The question presented is whether the relator is still subject to deportation. Stated in another form, It is whether an alien woman, who on her arrival in this country is adjudged to be feeble-minded and ordered deported, and who thereafter in good faith contracts a valid marriage with an American citizen, thereby herself acquires the rights, of an American citizen, so as to entitle her to remain in the United States, notwithstanding the order for her deportation by the immigration authorities.

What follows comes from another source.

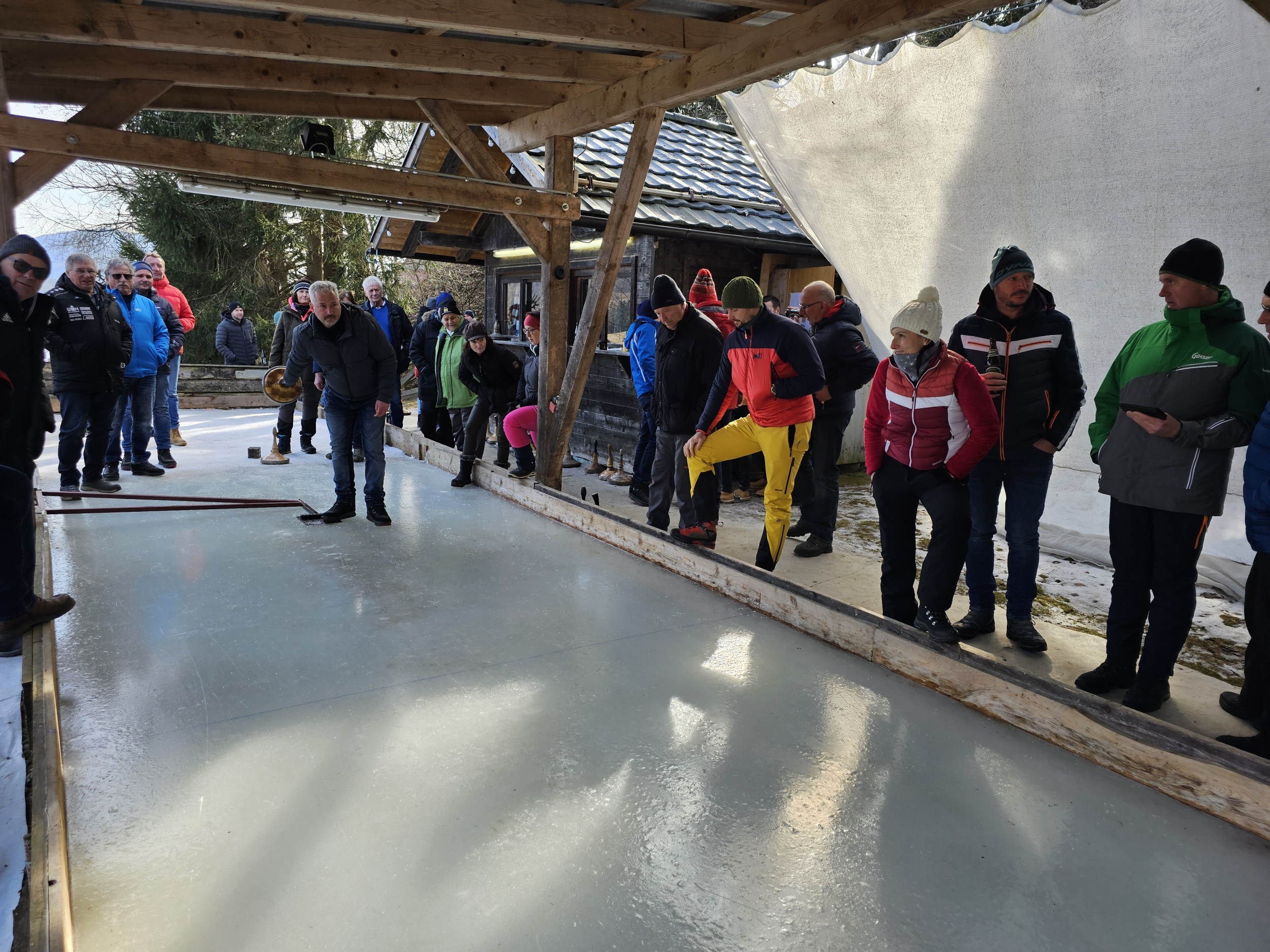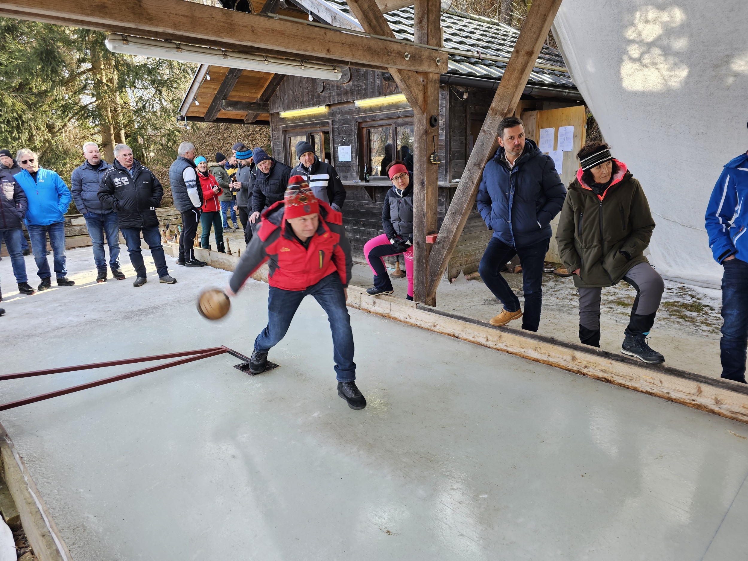 Das Pöllauer Moarschaftseisschießen auf der Eisbahn beim Berghof Prieler fand am Sonntag, 9. Februar 2025 statt.

All the relatives of the relator are in this country, including her father, her six brothers, and her two sisters. The brothers are each of them citizens of the United States. One of the brothers has been here for 24 years, and another for 21 years. One of the brothers was a member of the Naval Reserve, and another was an honorably discharged veteran, who had been overseas. She and her father came here to be with the rest of the family; her mother being no longer alive. All the family appear to have been leading respectable lives. Their affairs are represented “as getting along nicely,” and they are said to be “all very happy here.” The man she has married, in his petition for the writ of habeas corpus, states upon his oath as follows concerning her:

“Although it is said that she is below normal, I have always found her to be well able to take care of herself. She can cook, sew, do general housework. and is very industrious. There is no danger that she will ever become a public charge, by reason of my own ability and that of her numerous relativos here to take care of her. * * * To send her back would be to separate her from me, her husband, and from all her other relatives, although she is an American citizen, as petitioner is informed and verily believes. Annexed is ray mother’s affidavit showing my birth in this country.”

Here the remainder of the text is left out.